I&T as an Engineering Discipline

I&T is not normally treated as an engineering discipline. Most system development activities have the characteristics of deterministic homework problems. There is an instruction book, problems to solve, answers in the back of the book, classes, mentors, and tests to pass. The generic engineering community should be capable of performing tasks that resemble homework problems. Most I&T activities (during the actual integration of the system) do not resemble engineering homework problems. They more resemble forensic analysis. Therefore, we cannot expect the majority of the generic engineering community to successfully execute I&T activities.

The successful I&T professional has somehow acquired the desire to make things work when they have limited insight to the particulars of the product.
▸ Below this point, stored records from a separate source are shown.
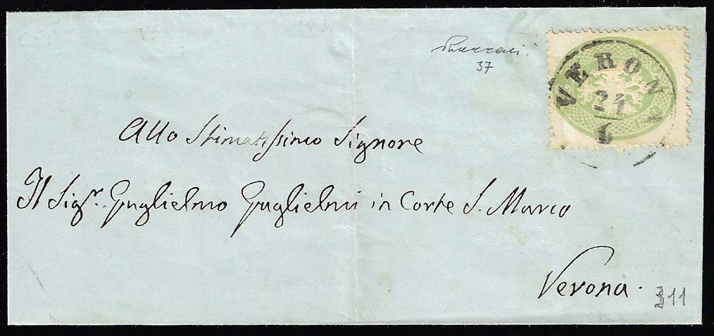 1863 - 3 soldi verde giallastro, dent. 14 (37a), perfetto, isolato su sovracoperta di lettera da Verona 24/6 per città. Cert. Vaccari.
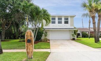 Get away from it all and indulge in that long-awaited beach vacation! Sip on a mimosa and watch your kids swim in your personal tropical paradise! This home offers an ample amount of space including 2 Masters w/ensuite baths (King+Queen) an additional Queen, Bunk Room (full over full), Sofa Bed, Trifold Mattress, and 2 Pack 'n Plays! Two family rooms with smart TV's, smart TV's in every bedroom that has Spectrum TV/WIFi. HBO and many other channels included! Our Backyard indludes a 10x50' lap pool, complete outdoor living area, lounge chairs, charcoal BBQ, 36" Blackstone cooking station, and so much more! We have 6 bike cruisers, Beach chairs, wagon, paddle boards, and cooler bag for a perfect day at the beach or Gleason Park (1 Block)! Outstanding restaurants, shops and bars are a very short distance, several are within walking distance! Local attractions include Cocoa Beach Dolphin tours, Space X shuttle launches, Kayaking, fishing tours, snorkeling, and so many other options!!About pets:Pets allowed: dogs less than 20 lbs per pet (limit one pet total).One small, non shedding dog that is house trained..About checkOut:Check out before 11:00 AM.About children:Children allowed: ages 0-17.About customRules:Quiet hours begin at 10 pm. We have great neighbors please be respectful to them..Absolutely no parking on the street. It’s against city code.,Absolutely no smoking or vaping in our home. Their is a $500 fee if this rule is broken..About checkIn:Check in after 4:00 PM.About smoking:Smoking is not permitted.About minBookingAge:Minimum age to rent: 25.About events:No events allowed.
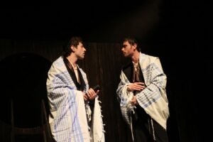 ההצגה נפתחת בעולם ישיבתי סגור, המוגדר על ידי סדר יום קבוע, היררכיה ברורה ופיקוח קהילתי מתמיד. הלימוד בחברותא, הישיבה תחת טלית אחת והקרבה הפיזית המותרת לכאורה בתוך המרחב הדתי הם הקרקע שעליה מתפתח קשר אינטימי. הקירבה הזו אינה רק פיזית אלא סימן סמוי של קשר רגשי עמוק. שני הבחורים אינם מבולבלים באשר לרגשיהם, אלא באשר ליכולתם לממשו.
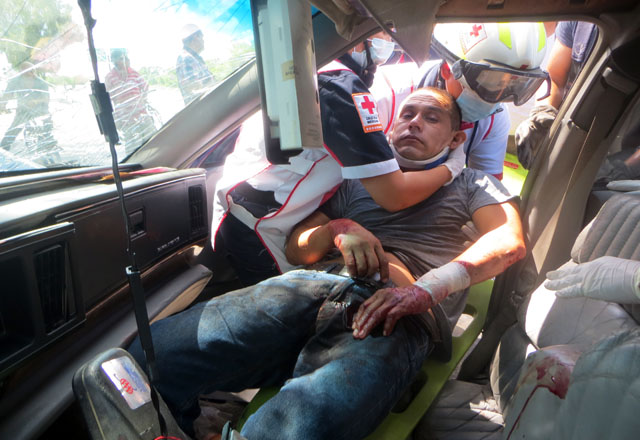 17/09/2016 - Cinco personas resultaron lesionadas, tras de involucrarse en el choque de dos camionetas sobre la carretera a Ciudad Victoria, frente al ejido La Tijerita. Las señoras María Blanco Go
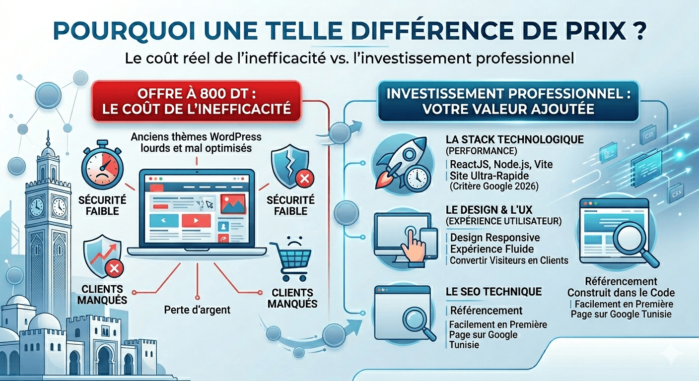 Si vous trouvez des offres à 800 DT, posez-vous la question : quel est le coût réel de l’inefficacité ? Un site lent ou mal sécurisé vous fera perdre plus d’argent en clients manqués qu’il ne vous en fera gagner en économies initiales.

For some reason, they don’t mind working a complex problem on Saturday night. For some reason, they don’t mind figuring why a particular problem occurs 5 hours and 22 minutes after system initialization (one time in every four). They truly have a forensic analysis skill set that is different from the engineering norm.
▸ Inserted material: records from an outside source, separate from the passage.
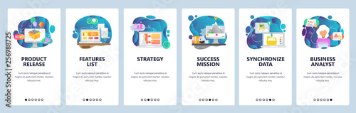 Mobile app onboarding screens - business strategy, new product release, data sync - menu vector bannerWall mural
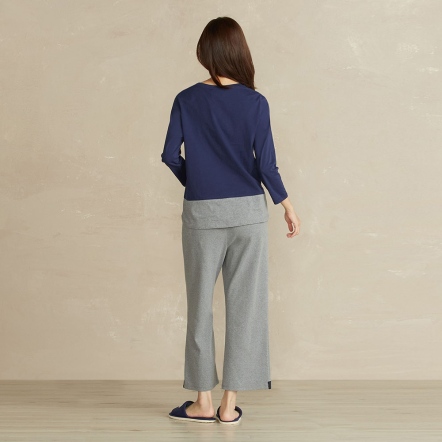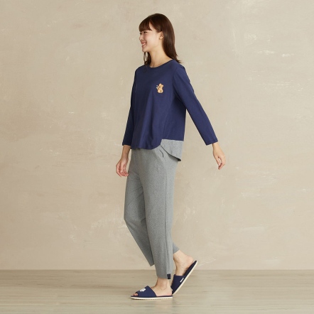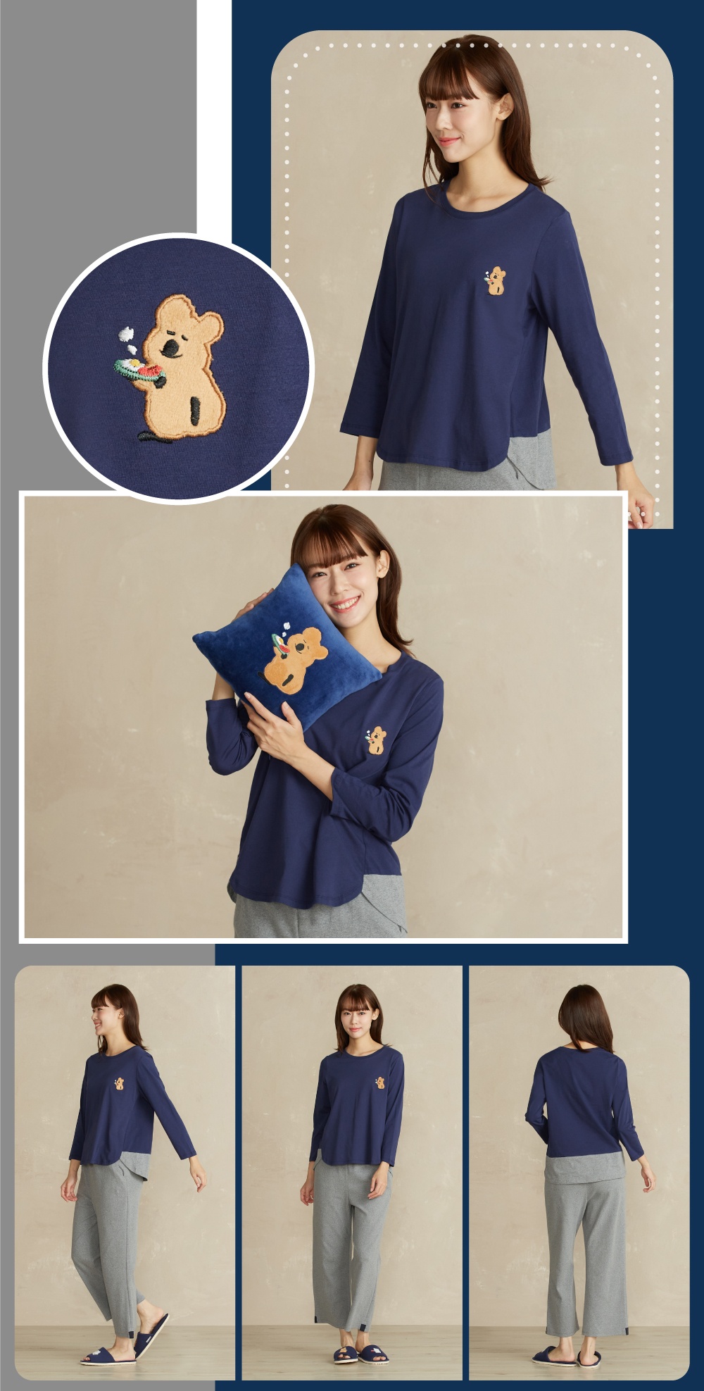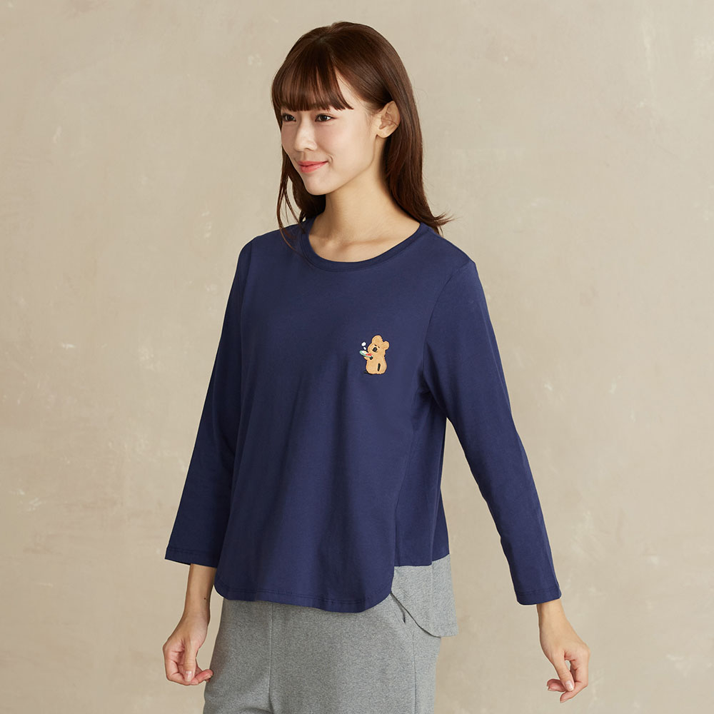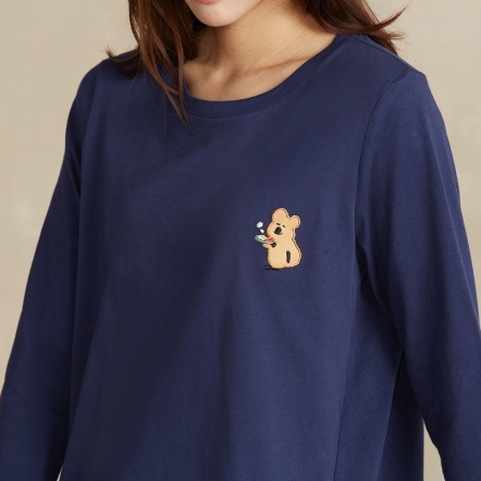 DINOTAENG | 早餐繡花剪接上衣-星海藍
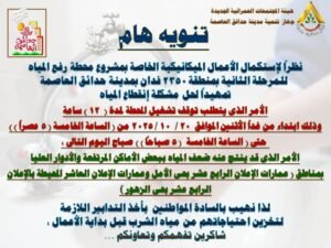 وناشد جهاز مدينة حدائق العاصمة، المواطنين، بضرورة اتخاذ التدابير اللازمة لتخزين احتياجاتهم من مياه الشرب قبل بداية الأعمال، مؤكدًا أنه سيتم إعادة ضخ المياه فور الانتهاء من تنفيذها، ومقدمًا الشكر لتفهمهم وتعاونهم.
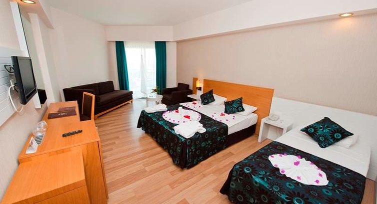 Отдыхали с детьми (1 год и 3 года) в начале августа 2018 года. У нас была бронь на два двухместных стандарта, за благодарность дали номера друг на против друга и по количеству кроватей поняли, что трёхмерные. Когда заселись в номер обнаружили что шкаф поломан, дверь выпала прямо на младшего ребёнка. Починили только с третьего раза! Очень понравилось питание. Всё очень вкусно и разнообразно. Всегда находила, чем накормить детей. Алкоголь неплохой. Уборка в номерах плохая, пока не попросишь, то не уберут. Персонал в основном угрюмый, почти не улыбается. Один официант в ресторане вообще послал нас на турецком языке, когда мы попросили принести ещё колы. Думал мы не поймём! Очень не приятно было, вечер был испорчен. Территории нет, анимация есть, но только вечером. За 10 дней была пенная вечеринка, Восточный базар, живая музыка, в один из вечеров надули батуты и на суше и в бассейне. Детская площадка в плохом состоянии. Пляж далеко и нужно идти в гору, старший сын уставал. Лежаков хватало, хотя мы ими практически не пользовались. Отель маленький и без территории. Для детей практически ничего нет. Очень много людей везде : в бассейне, в ресторане, в море. Младший ребёнок подхватил вирус коксаки, видимо в бассейне.

Experience has shown that about 5% of the generic engineering population “has the right stuff”. The rest are just not interested in participating in an area where the comfort level is low and there is no product development ownership. This 5% of the engineering population (if properly selected) can make a significant contribution to the efficient execution of a contract. Indiscriminate selection of personnel will result in an inefficient operation. To continue the retrofit of individuals and processes will result in substandard operations. I&T practitioners need to develop the same level of competence as System Engineering, Software, and Manufacturing practitioners. Because the universities are not likely to solve this problem, it remains for our internal engineering organizations to perform this service.

The Due Diligence Process

The Due Diligence process is the key to removing the state of denial that is prevalent in many program offices. The process is based on 20 key technical items. These items constitute the “abdicated System Engineering items” discussed earlier. Each of these items must be considered and evaluated when the system is defined. It is the responsibility of the I&T group to make certain that this happens. There will be significant areas of neglect. Therefore, it is necessary to establish where the program is in respect to these areas at an early date. It is the responsibility of the I&T group to make certain that these items are raised to a satisfactory state.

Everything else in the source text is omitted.